Long Fiction:
The Tramping Methodist, 1908
Starbrace, 1909
Three Against the World, 1914 (also known as The Three Furlongers)
Sussex Gorse, 1916
Tamarisk Town, 1919
Green Apple Harvest, 1920
Joanna Godden, 1921
The End of the House of Alard, 1923
The George and the Crown, 1925
Shepherds in Sackcloth, 1930
The History of Susan Spray, 1931 (also known as Susan Spray)
Gallybird, 1934
Superstition Corner, 1934
Rose Deeprose, 1936
The Lardners and the Laurelwoods, 1948
Short Fiction:
Joanna Godden Married, and Other Stories, 1926
A Wedding Morn, 1928
Faithful Stranger, and Other Stories, 1938
Poetry:
Willow’s Forge, and Other Poems, 1914
Saints in Sussex, 1923
Nonfiction:
John Galsworthy, 1916
Anglo-Catholicism, 1925
Mirror of the Months, 1931
Three Ways Home, 1937 (autobiography)
Speaking of Jane Austen, 1943 (with G. B. Stern)
More Talk of Jane Austen, 1949 (with G. B. Stern)
The Weald of Kent and Sussex, 1953
All the Books in My Life, 1956 (autobiography)
Emily Sheila Kaye-Smith was born on February 4, 1887, at St. Leonards-on-Sea, Sussex, the shire whose atmosphere she later recaptured in many of her novels. In her girlhood, as she relates in her autobiography, Three Ways Home, she had three ambitions: to live alone in the country, to become a famous novelist of rural life, and to be “extremely High Church.” All three were realized in a different form: She lived many years in Sussex, not alone but happily married to Theodore Penrose Fry; by her Sussex novels she achieved distinction, if not superlative fame; and, like her husband, who at the time of their marriage was a Church of England clergyman, she became in 1929 a Roman Catholic.
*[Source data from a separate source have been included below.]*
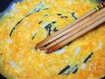 ボウルにB 卵 2個、砂糖 大さじ1、塩 少々 の材料を入れて混ぜてから、サラダ油を敷いたフライパンに入れて、菜箸でかき混ぜながら、そぼろにする |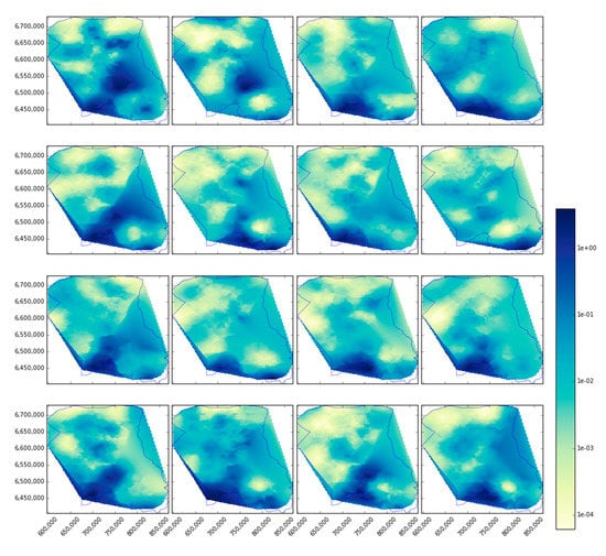 Turnadge et al. [] derived porosity-permeability relationships based on downhole porosity logs obtained from 97 exploration wells located across the Gunnedah Basin. They evaluated approaches to upscale these well-scale vertical hydraulic conductivity (Kv) values for inclusion in a regional-scale numerical groundwater model for the Gunnedah and Surat basins. Furthermore, they used this upscaled data to fit geostatistical models to characterize the spatial co-variance of hydraulic properties in the sequences. A spherical variogram with a Sill of 0.764, Nugget of 0.327 and Range of 129 km was used to define the co-variance structure of hydraulic properties horizontally in different model layers. In our highly parameterised modelling scheme, we used this spherical variogram to underpin the spatial covariance structure for interpolating values from the pilot points. A total of 1672 model parameters were used in this highly parameterized scheme. Examples of realizations of the hydraulic conductivity for model layer 6 representing the Pilliga Sandstone aquifer obtained in this manner are shown in Figure 3.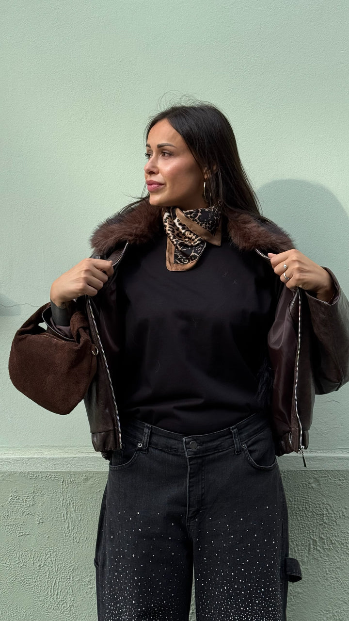 GIUBBINO ECOPELLE CON COLLO ECOPELLICCIA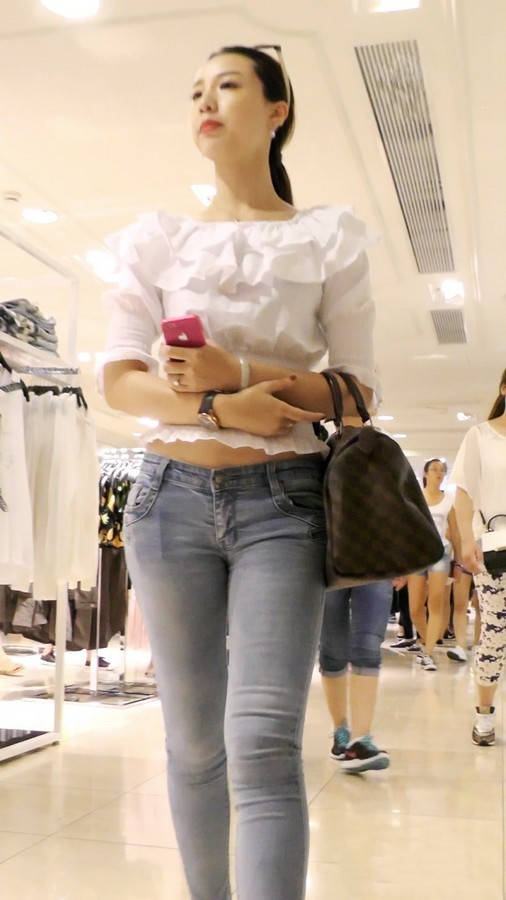 【编号559】细腰丰臀紧身牛仔高颜值女神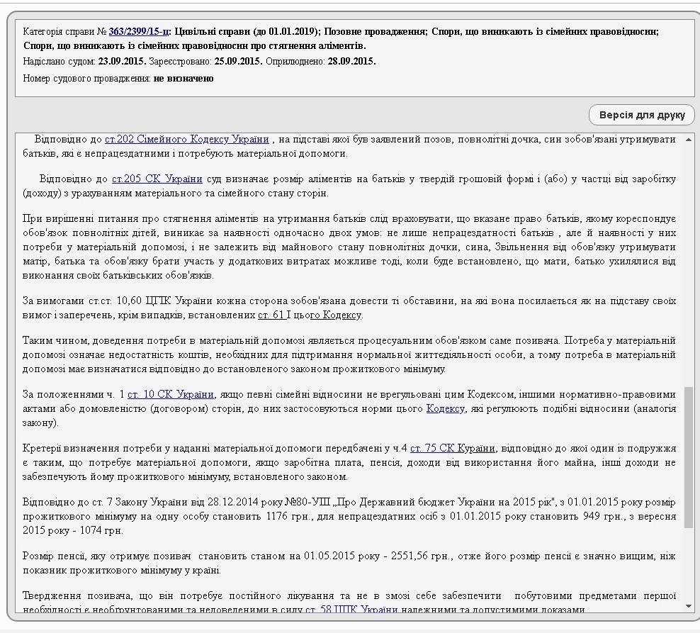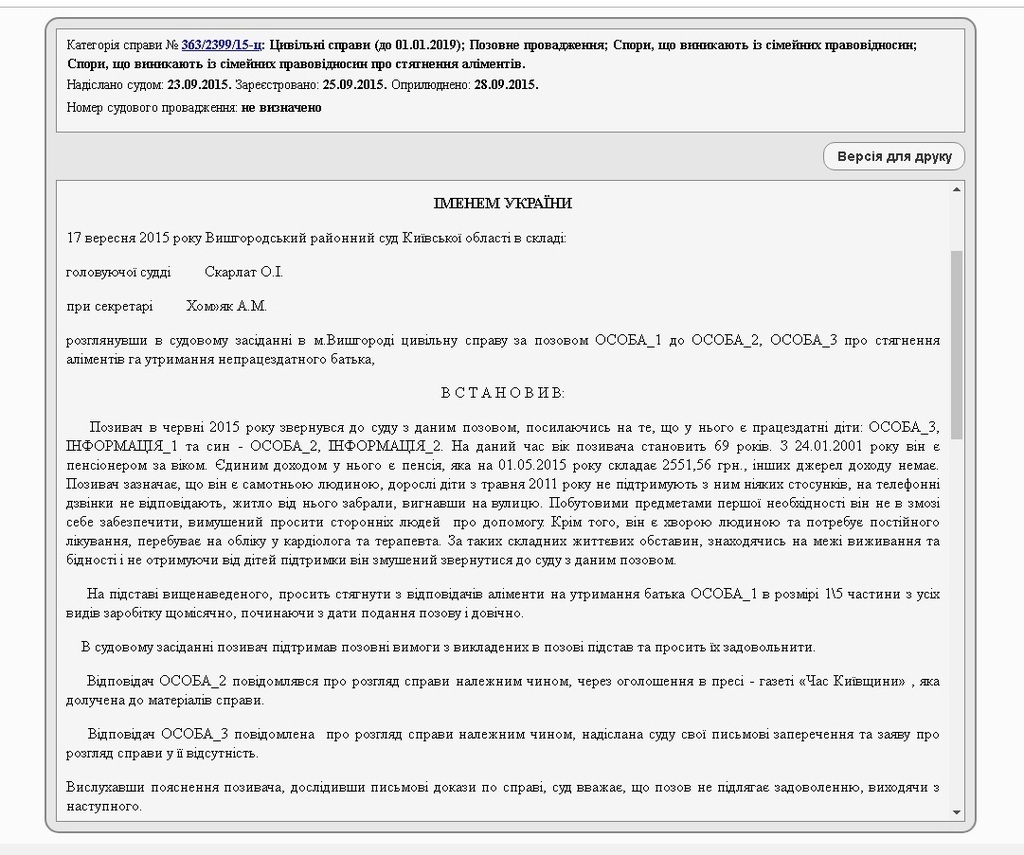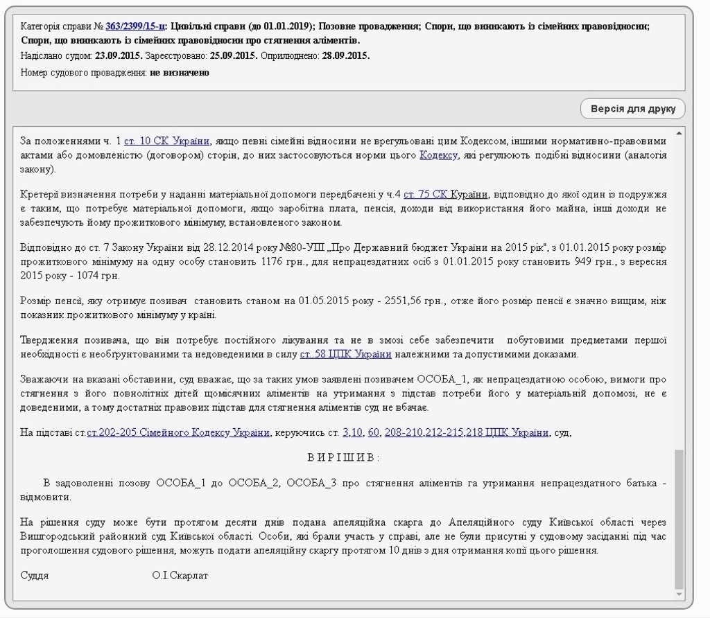 Однако судья Елена Скарлат отказала в удовлетворении исковых требований. Основаниями для отказа, как следует из материалов дела, является то, что Георгий Рябошапка получает пенсию по возрасту, которая на тот момент составляла 2551,56 грн и превышала установленный на тот момент законодательством прожиточный минимум (1176 грн), а также на правах совместной собственности отцу, согласно информации суда, принадлежала 1/3 квартиры. Кроме того, он указан как владелец автомобиля.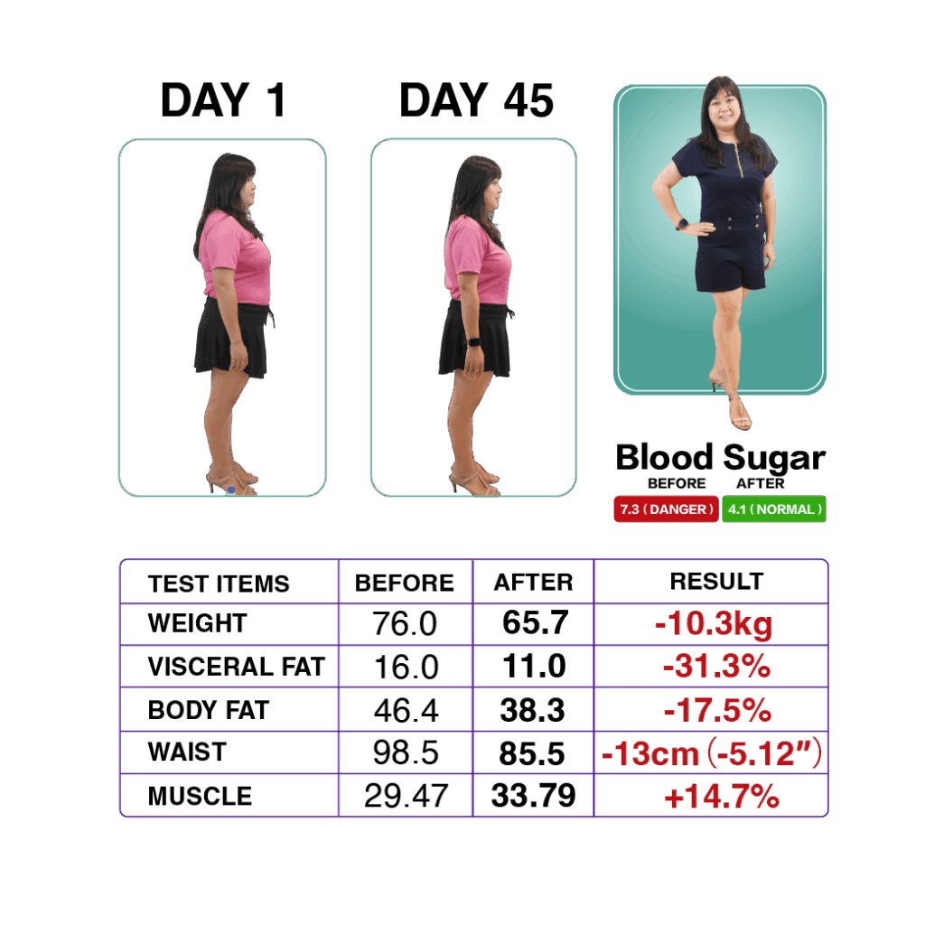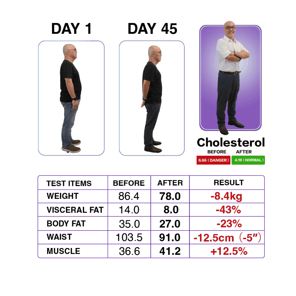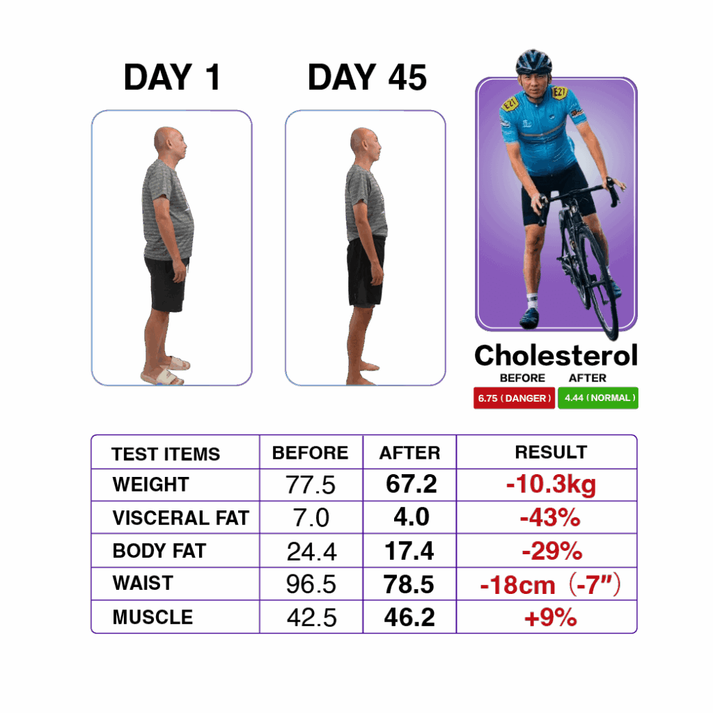 “A friend enrolled me in the CRP45 program. At first, I didn’t have high expectations, but I decided to give it a try anyway. I followed the guidance from my friendly coach, and soon, my body started to respond. By Day 45, my waistline had shrunk by 14.5 cm, my visceral fat dropped by 22%, and my fatty liver score went from danger to normal. I even gained muscle and felt stronger from the inside out. That was something truly amazing.”

Her father, a physician with a practice at Hastings, and her mother, the daughter of a French Huguenot who had emigrated from the Channel Islands to Scotland, were both Protestants.
Kaye-Smith wrote of her imaginative tendencies in childhood. Like the Brontë sisters at a comparable age, she created fictional characters and plots. By the time she was fifteen she had composed (but not written) between forty and fifty romances. In her last two years at school she wrote thirteen novellas in exercise books. After the publication of two novels–The Tramping Methodist and Three Against the World–she experienced a spiritual crisis and became first an agnostic and then a Swedenborgian. Sussex Gorse, her first major novel, appeared in 1916, at a time when Kaye-Smith was living in London, employed in government wartime service. For a time she became interested in the Oxford Tractarian movement.
At the end of 1918, feeling a positive call to religious conversion, she became an Anglo-Catholic. The novels Tamarisk Town, Green Apple Harvest, and Joanna Godden were written subsequently but reflect no marked Anglo-Catholic orientation. In The End of the House of Alard, however, she let her religious position be known. All these novels were well received, in particular Joanna Godden, her first novel centering on the life of a woman. All these works, moreover, were Sussex narratives, concerned with rural people and written with rich appreciation of their dialect. During these years Kaye-Smith acquired the designation “Sussex novelist”; critics suggested a comparison of her work with that of the “Wessex novelist” Thomas Hardy.
After her marriage in 1924, Kaye-Smith assisted her husband in his London parish. They moved to a Sussex farm, Little Doucegrove, some months before leaving the Church of England. There she continued to write until shortly before her death on January 14, 1956. Her later work includes two studies of Jane Austen, written together with the novelist G. B. Stern.